なお、専修学校(専門学校)の卒業者については取り扱いが複雑で、学校教育法第124条に規定される専修学校であっても、学科内容によっては指定学科に当たらないと判断される場合があります。自分の学歴が短縮ルートに当たるかどうかは、申請先の行政庁や建設業許可を専門とする行政書士に事前確認するのが確実です。
国土交通省:建設業許可事務ガイドライン(指定学科・実務経験年数の取り扱いを含む)
主任技術者と監理技術者は、どちらも現場に専任配置される技術者ですが、要件の水準には明確な差があります。この差を正確に理解していないと、現場配置の判断で重大なミスが生じます。
結論から言えば、主任技術者は「一般建設業」の要件、監理技術者は「特定建設業」の要件を満たす人物でなければなりません。一般建設業では主任技術者を置けばよいですが、下請けへの発注合計金額が4,500万円以上(建築一式工事は7,000万円以上)になる元請現場では、監理技術者の配置が法律上義務付けられています。
監理技術者になるには、主任技術者の要件を満たしたうえで、さらに「指定建設業7業種(土木・建築・電気・管・鋼構造物・舗装・造園)」の場合は1級の国家資格が必須です。実務経験だけでは監理技術者にはなれないということが条件です。
つまり、10年の実務経験で主任技術者にはなれても、監理技術者にはなれません。この違いを知らずに「自分は要件を満たしている」と思い込んでいると、元請として大型案件を受注した際に配置できる技術者がいないという事態になります。
さらに、監理技術者には「監理技術者資格者証」の交付を受け、監理技術者講習を修了した証明(5年以内)が必要です。資格者証の取得と講習受講は別々の手続きです。これは見落としやすいポイントですね。
現場の規模が拡大傾向にある会社では、将来の監理技術者確保を見据えて、社員に1級施工管理技士の取得を計画的に促すことが経営上の重要課題になっています。
| 主任技術者 | 監理技術者 | |
|---|---|---|
| 必要な許可種別 | 一般建設業 | 特定建設業 |
| 実務経験のみでなれるか | ✅ なれる(10年以上) | ❌ 指定7業種はなれない |
| 資格者証の取得 | 不要 | 必要(監理技術者資格者証) |
| 講習の受講 | 不要 | 必要(5年以内の受講が条件) |
| 配置義務が発生する下請発注額 | 4,500万円未満の元請現場 | 4,500万円以上の元請現場 |
主任技術者の配置義務と「専任」の意味を混同していると、法令違反につながります。これは現場停止や建設業許可の取り消しにまで発展しうる重大な問題です。

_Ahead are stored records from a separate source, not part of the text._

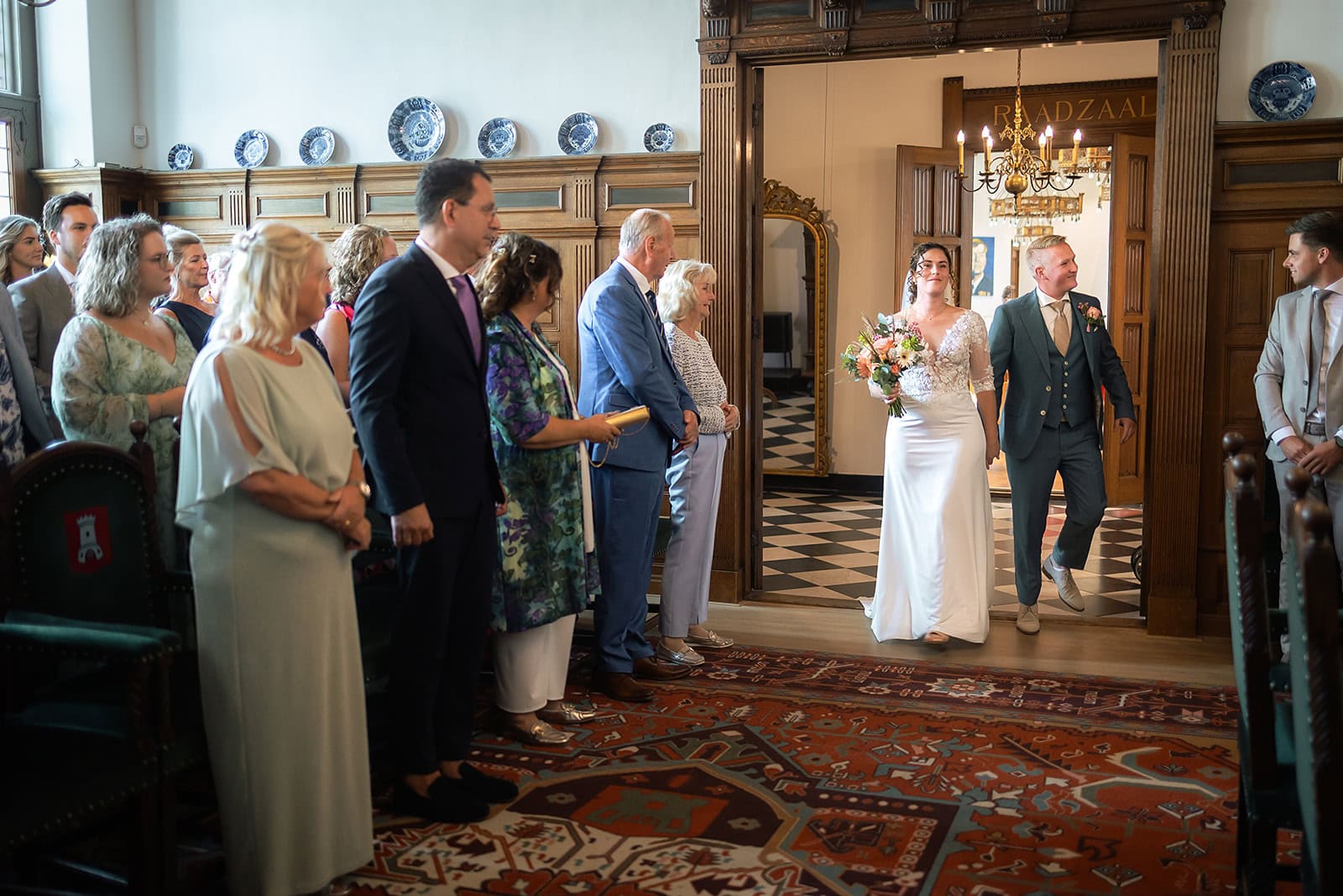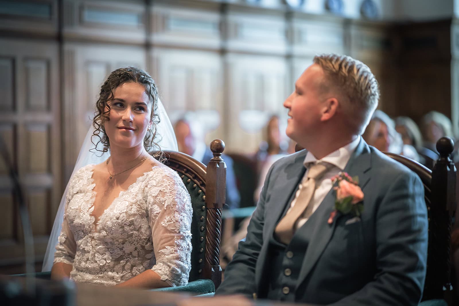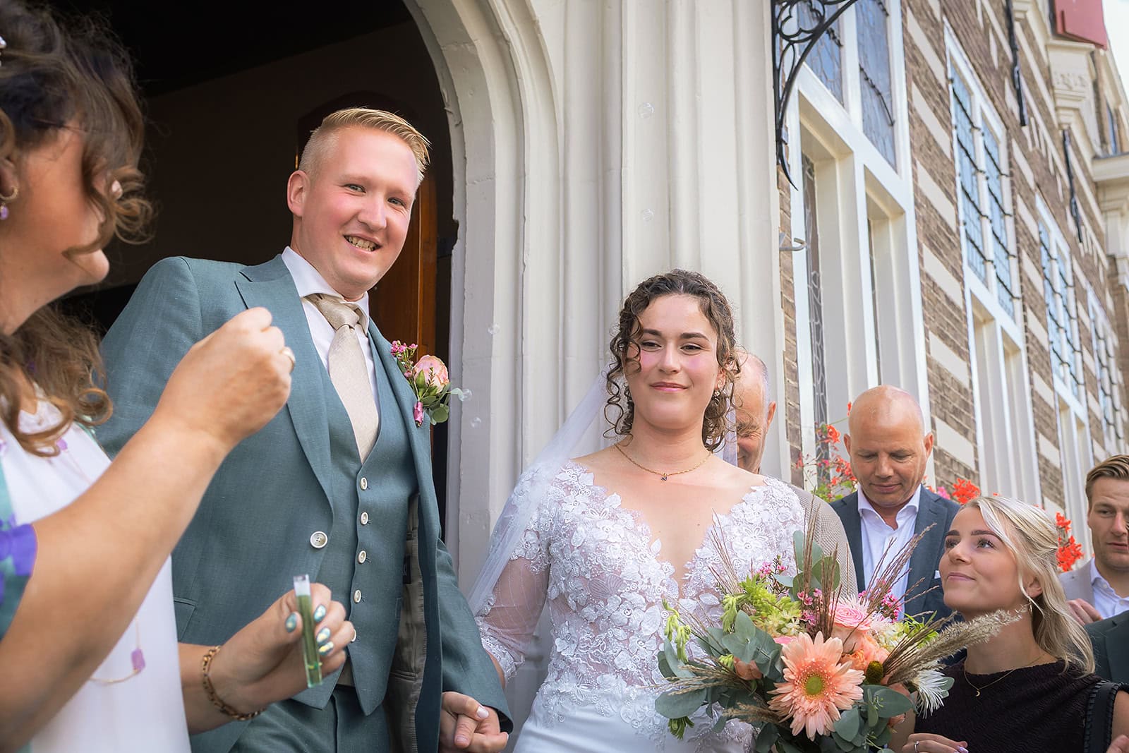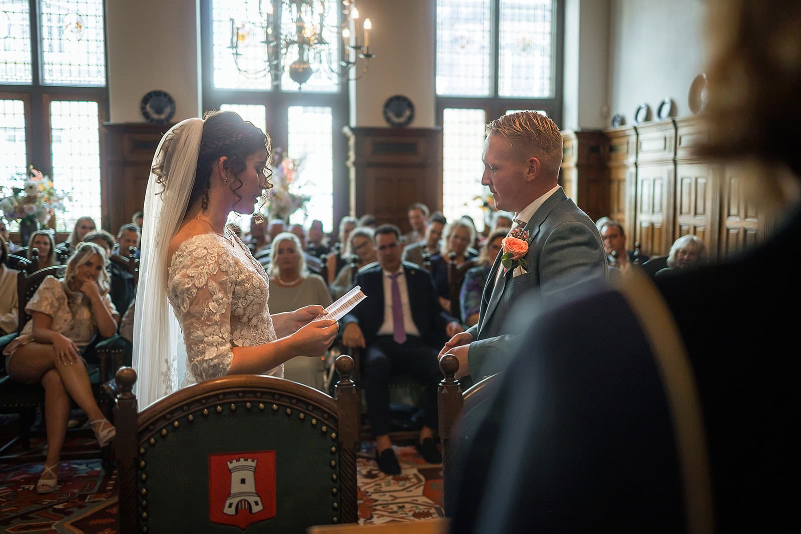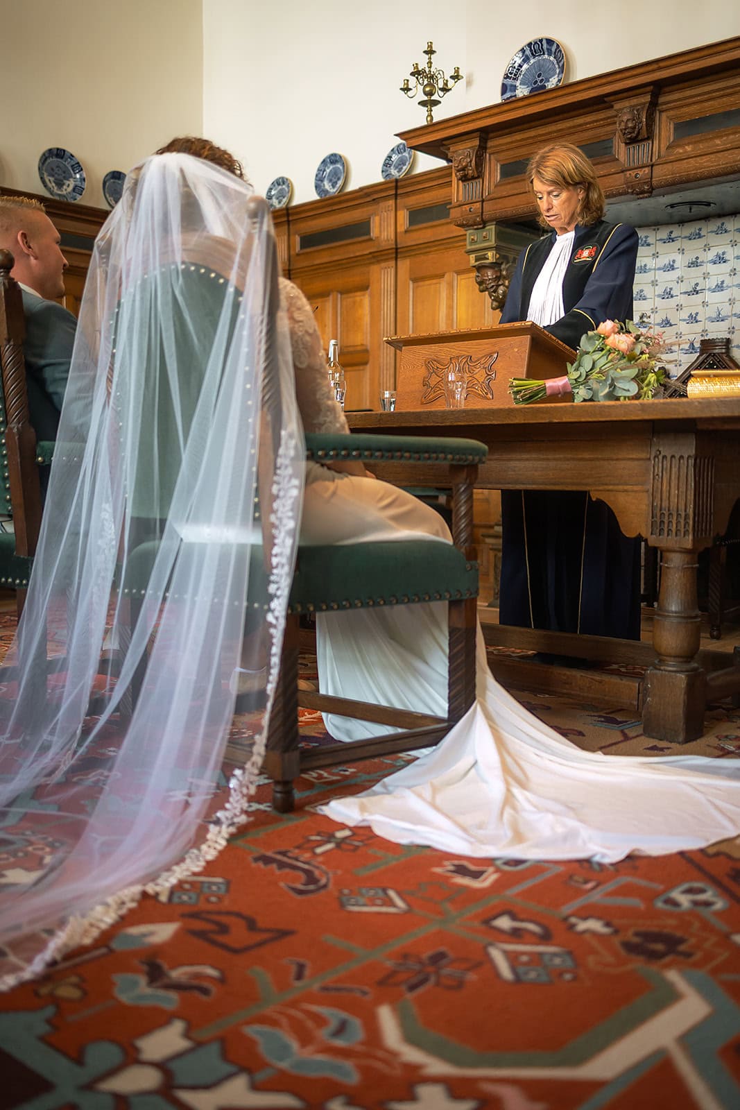 Daarna reden we naar het centrum van Alkmaar voor de ceremonie in het Stadhuis. Dit is een van de drukste plekken van de stad maar toch liep alles precies zoals gepland. In de prachtige zaal heb ik ieder moment vastgelegd tot in de kleinste details. Buiten maakten we vervolgens de groepsfoto’s op de trap van het Stadhuis.
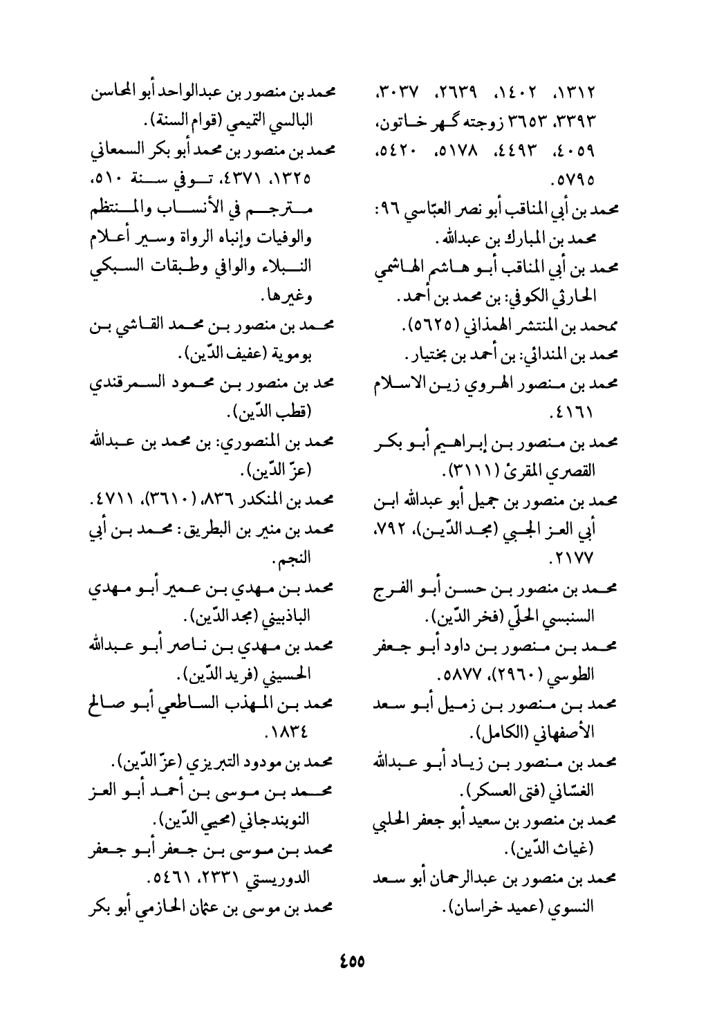 (¬2) ذكره ياقوت في معجمه في مادة (عرّمان) والتكميل منه حيث كان انقطاع في الأصل، وفيه: محمّد بن ميّاس بن أبي بكر بن عبد العزيز بن نصوان بن عبّاس بن رضوان بن منصور بن رويد بن صالح ... الزمار بن جابر بن سهي بن عليم
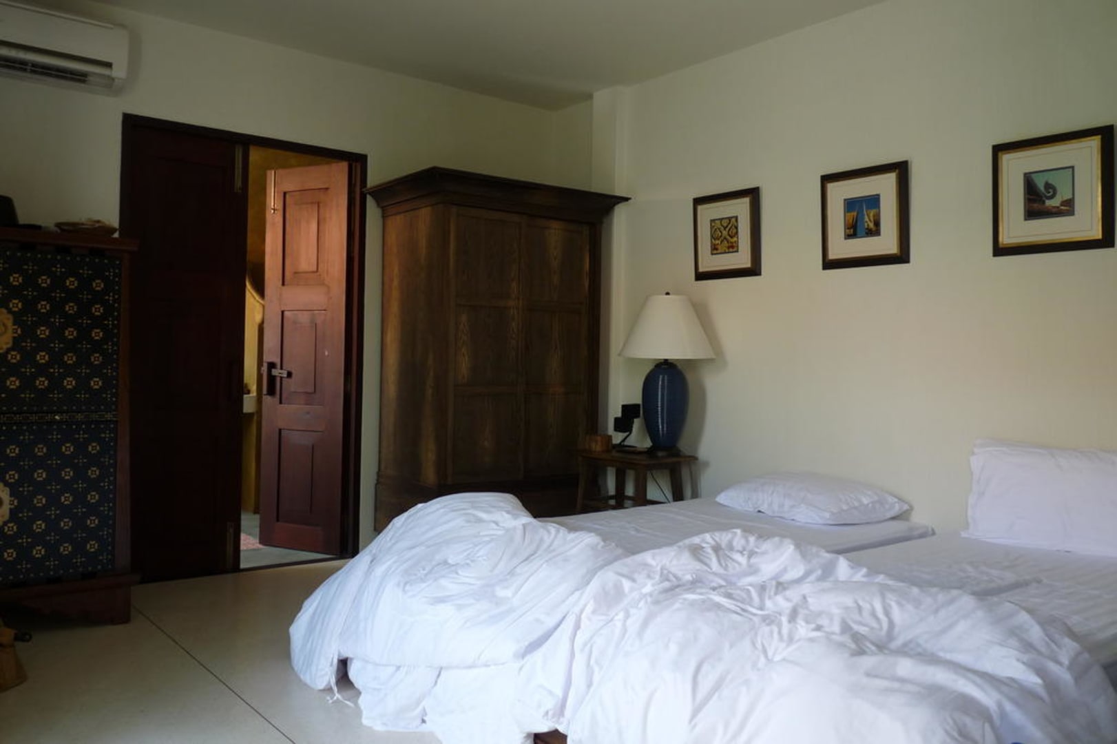 Schlafraum mit Tür zum Bad
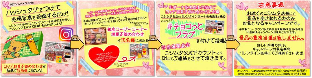 ニシムタ各店舗でバレンタイン特設コーナーを展開中です。

建設業法では、公共性のある施設・工作物に関する工事で、請負金額が4,000万円以上(建築一式工事は8,000万円以上)の場合、主任技術者は「専任」で置かなければなりません。専任とは、「常時その現場に従事し、他の工事現場の主任技術者との兼務を原則として行わないこと」を意味します。
「複数の現場を掛け持ちしていたが特に問題なかった」という経験をお持ちの方もいるかもしれません。ただし請負金額の要件を超えた現場では、法律上は明確な違反状態です。
国土交通省の通知(令和2年10月1日付)により、一定の条件のもとで主任技術者の兼務が緩和された「特例」が設けられました。具体的には、①工事現場の距離が近接していること、②発注者が特定の者(同一発注者や密接な関係のある発注者)であること、③施工時期がずれていることなどの条件を同時に満たす場合に限り、兼務が認められるようになっています。条件が重なる場合のみ使える例外です。
また2021年4月の建設業法改正で「技術検定合格者の活用」や「ICT活用による遠隔管理」に関する規定も見直され、監理技術者補佐を置いた場合には監理技術者の兼務が認められるようになりました。ただしこれは監理技術者の話であり、主任技術者の専任緩和とは別の話です。混同しないように注意が必要です。
現場の請負金額が4,000万円(建築一式は8,000万円)に近づいてきた段階で、主任技術者の専任配置の可否を確認しておくことが大切です。専任技術者を複数確保できていない会社では、受注できる現場に実質的な上限が生じることになります。採用・資格取得支援を計画的に進めることが、受注機会の損失を防ぐ最善策です。